Ok, but this as a cause looks weird.
The function tracer handler disables interrupts. I don't remember exactly
why but we also have a no-preempt mode that only disables preemption instead:
(function_trace_call_preempt_only())
It means having such interrupt reentrancy is not a problem. In fact, the
function tracer is not reentrant:
data = tr->data[cpu];
disabled = atomic_inc_return(&data->disabled);
if (likely(disabled == 1))
trace_function(tr, ip, parent_ip, flags, pc);
atomic_dec(&data->disabled);
we do this just to prevent from tracing recursion (in case we have
a traceable function in the inner function tracing path).
Nmis are just supposed to be fine with the function tracer.

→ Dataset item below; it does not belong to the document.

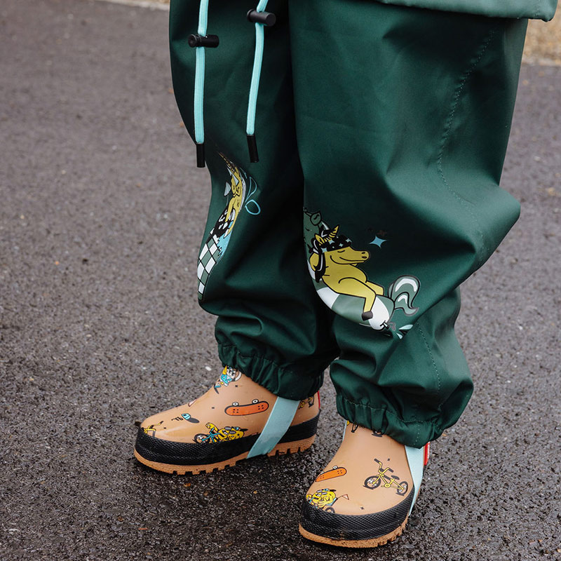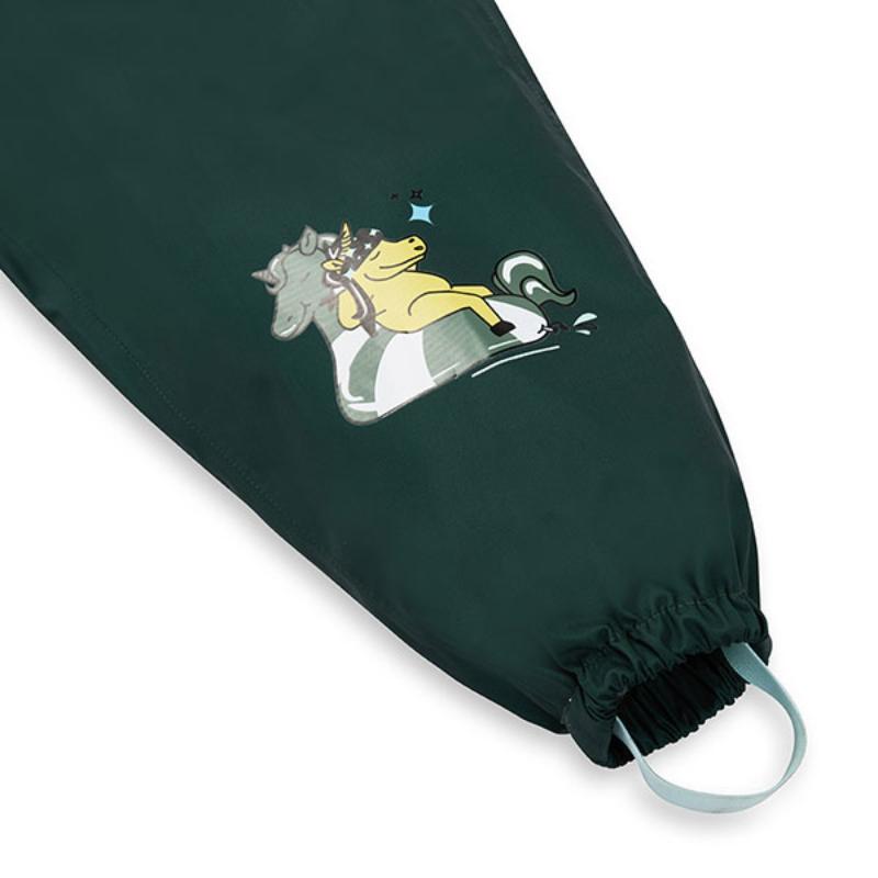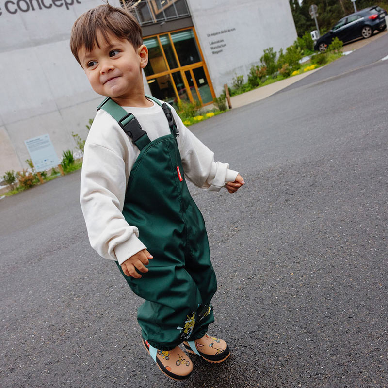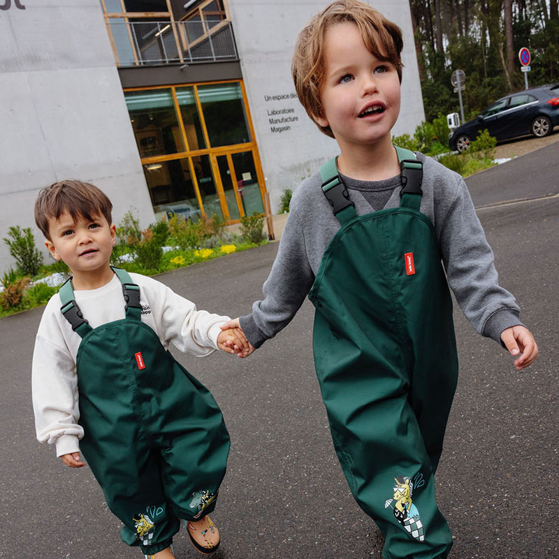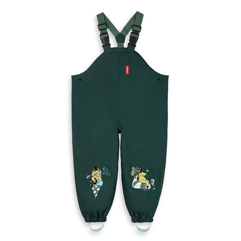 Тёмно-зелёный полукомбинезон дополняет куртку той же серии. Водонепроницаемая ткань выдерживает активные игры под дождём. Регулируемые бретели растут вместе с ребёнком. Усиленные колени повышают износостойкость в местах наибольшей нагрузки. Боковые карманы вмещают небольшие предметы. Легко надевается поверх обычной одежды, защищая её от грязи и влаги.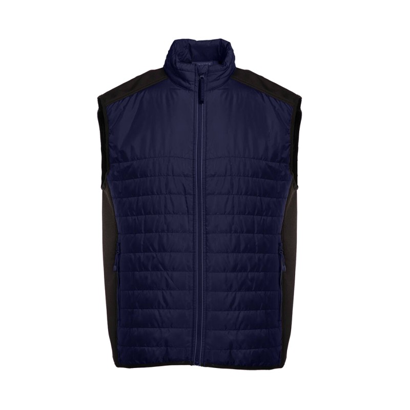 Bodywarmer bi-matière déperlant et coupe-vent. 2 poches latérales. Ourlet réfléchissant sur les zips.

From: Frederic Weisbecker <[email protected]>
Date: Tue, 6 Apr 2010 12:19:28 +0200
> It means having such interrupt reentrancy is not a problem.
It's not reentrancy.
It's the fact that local_irq_disable() (read it again, it's the
"disable" that re-renables NMIs on sparc64) turns NMIs back on even in
code where we are still trying to figure out how to service the NMI
still.
It's because we implement NMIs on sparc64 by having the performance
counter interrupt come in on the level 15 interrupt, and we run the
entire kernel at level 14 when IRQs are "disabled".
On Tue, 2010-04-06 at 02:50 -0700, David Miller wrote:
> From: Frederic Weisbecker <[email protected]>
> Date: Mon, 5 Apr 2010 21:40:58 +0200
>
> > It happens without CONFIG_FUNCTION_TRACER as well (but it happens
> > when the function tracer runs). And I hadn't your
> > perf_arch_save_caller_regs() when I triggered this.
>
> I figured out the problem, it's NMIs. As soon as I disable all of the
> NMI watchdog code, the problem goes away.
>
> This is because some parts of the NMI interrupt handling path are not
> marked with "notrace" and the various tracer code paths use
> local_irq_disable() (either directly or indirectly) which doesn't work
> with sparc64's NMI scheme. These essentially turn NMIs back on in the
> NMI handler before the NMI condition has been cleared, and thus we can
> re-enter with another NMI interrupt.
>
> We went through this for perf events, and we just made sure that
> local_irq_{enable,disable}() never occurs in any of the code paths in
> perf events that can be reached via the NMI interrupt handler. (the
> only one we had was sched_clock() and that was easily fixed)
One thing we can do is make the code WARN about this, how about
something like the below
---
Subject: lockdep: WARN about local_irq_{en,dis}able in NMI context
Some architectures implement NMIs by using IRQ priority levels and
mixing local_irq_{en,dis}able() with NMIs will give unexpected results.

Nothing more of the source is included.